New error code. xl3/expression/bracket-outside-block added to the catalog. Raises at parse time when a [Column] reference (i.e., a data-row marker) appears in a cell that is not inside any data block's rectangle. G3's 30-day catalog-frozen clock (ROADMAP) resets along with the existing 0.7.0 additions; the engine's first new-code-free 30-day window starts from the latest of these additions.

Issue #46 resolution path. The unshareFormula workaround (src/renderer.ts, commit bcbe239) becomes redundant for the outside-column path. It is retained for defense against any future case where a shared-formula owner appears legitimately inside a data block's column range — a narrower scenario that was not the root cause of the reported failures.

Issue #47 resolution. Outside cells do not shift, so their formula references are not subject to row-number staleness. No formula parser or ref-rewriter needed.

Conformance corpus. Fixtures added:

  • 141-block-column-scoped-side-cells — side cells preserved at original positions across expansion
  • 142-block-column-scoped-side-formulas — formula cells with row refs in side area remain valid (#47 regression)
  • 143-block-shared-formula-side-cells — shared-formula owners in side area not duplicated (#46 regression)
  • 144-block-side-cells-after-block — distinction between in-block rows shifted (e.g., footer cells in block columns) and outside- block rows preserved (side rows)
  • 145-block-bracket-outside-error[col] reference in outside cell raises xl3/expression/bracket-outside-block

These fixtures contribute to ROADMAP G1 (≥ 140 conformance fixtures); five new entries bring the corpus from 139 to 144 at 0.7.1 cut.

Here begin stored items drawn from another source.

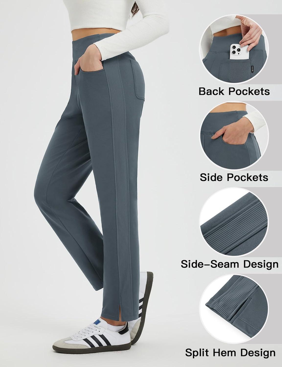 imagebaleaf Womens Fleece Lined Pants Winter Thermal Travel Pants Water Resistant Cold Weather Golf Hiking Pockets WorkDark Gray
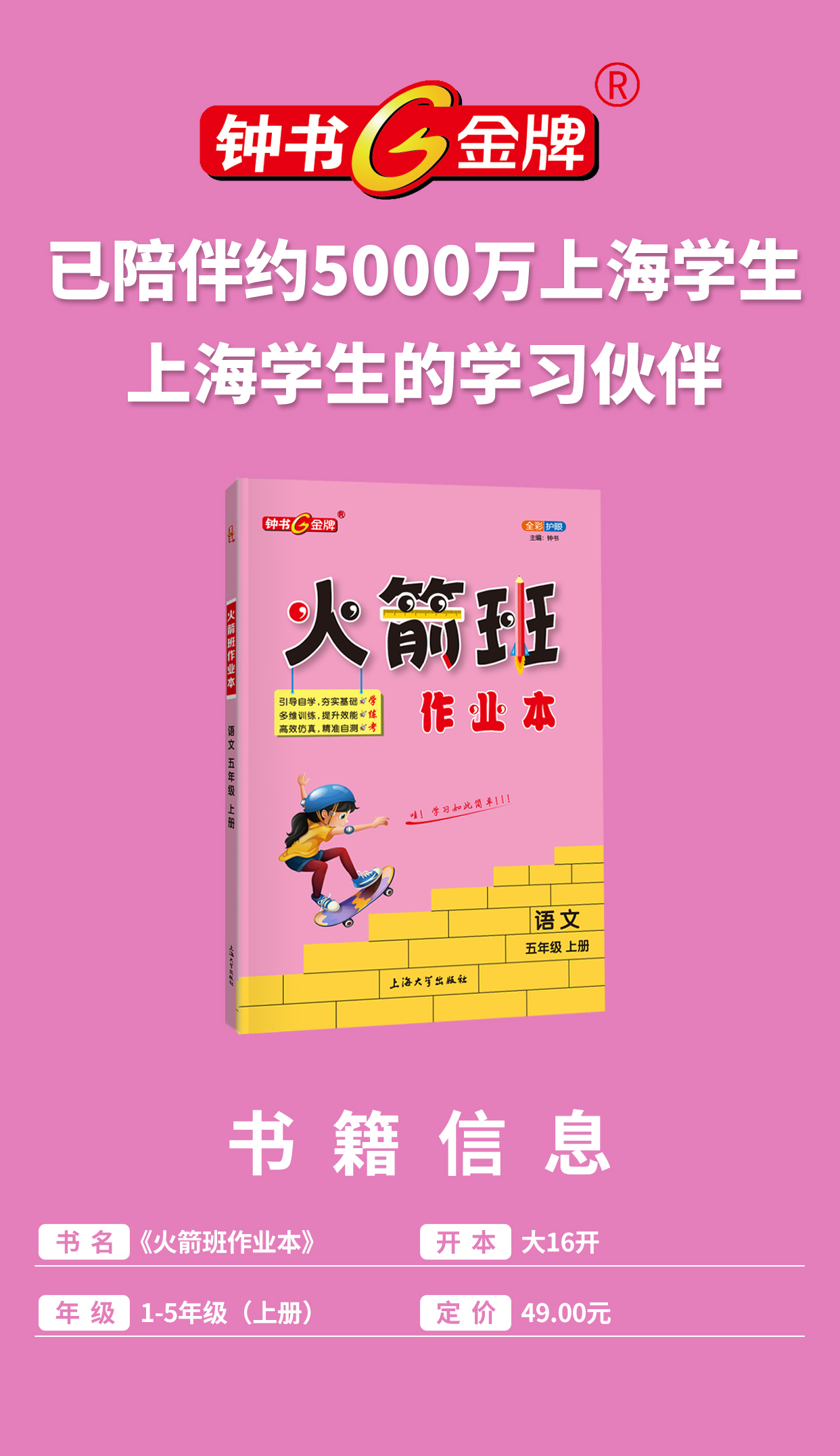 钟书金牌火箭班作业本四年级数学五年级年级同步练习语文课堂笔记小学生二三年级课外作业重点解析上海大学出版社
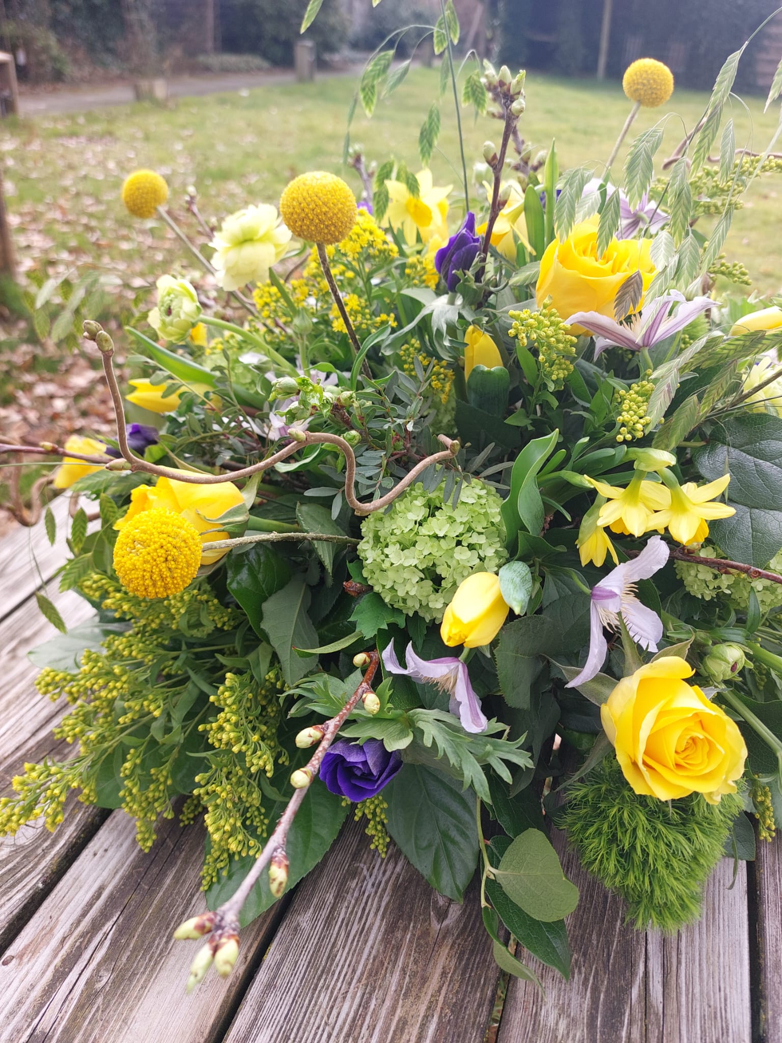 Het schikken van zijdebloemboeketten behoort tot een van de specialiteiten van Getty en Janet. Na afstemming wordt een boeket op maat samen gesteld. Het voordeel van zijdebloemboeketten? Ze hebben geen onderhoud nodig. Daarnaast gaan ze lang mee en zijn ze niet van echt te onderscheiden.

Multi-block deferral. Multi-block per sheet, the @block directive (with range-spec forms), and per-block directive scoping are explicitly deferred. They remain candidates for a future ADR once concrete multi-block use cases emerge. The current ADR sketches the column-scoping primitive that any future multi-block design will build on; that future ADR will need to address detection algorithm (strict explicit vs implicit cluster), directive scoping rules, and their interaction with @source / @repeat right.

References

  • Issue #46 — duplicate shared-formula owners producing corrupt OOXML (silent data loss).
  • Issue #47 — formula references in shifted outside cells become stale.
  • Commit bcbe239unshareFormula helper introduced as a defensive fix for the inside-column case of #46; remains relevant for the narrow scenario where a shared-formula owner appears inside the block's column range.
  • ADR-0043 — Excel-native preference principle; this decision follows the "small predictable surface" preference over the larger "Excel-fidelity formula rewriter" alternative.
  • ADR-0046 — Cell formula preservation contract; this ADR is consistent (still no formula rewriting; outside cells stay where they are, so their refs need no rewriting either).
  • ROADMAP G1 — conformance corpus ≥ 140; this ADR's fixtures contribute.
  • ROADMAP G24 — silent data loss is a critical-bug category; #46 and #47 both fall under it. This ADR closes the structural cause.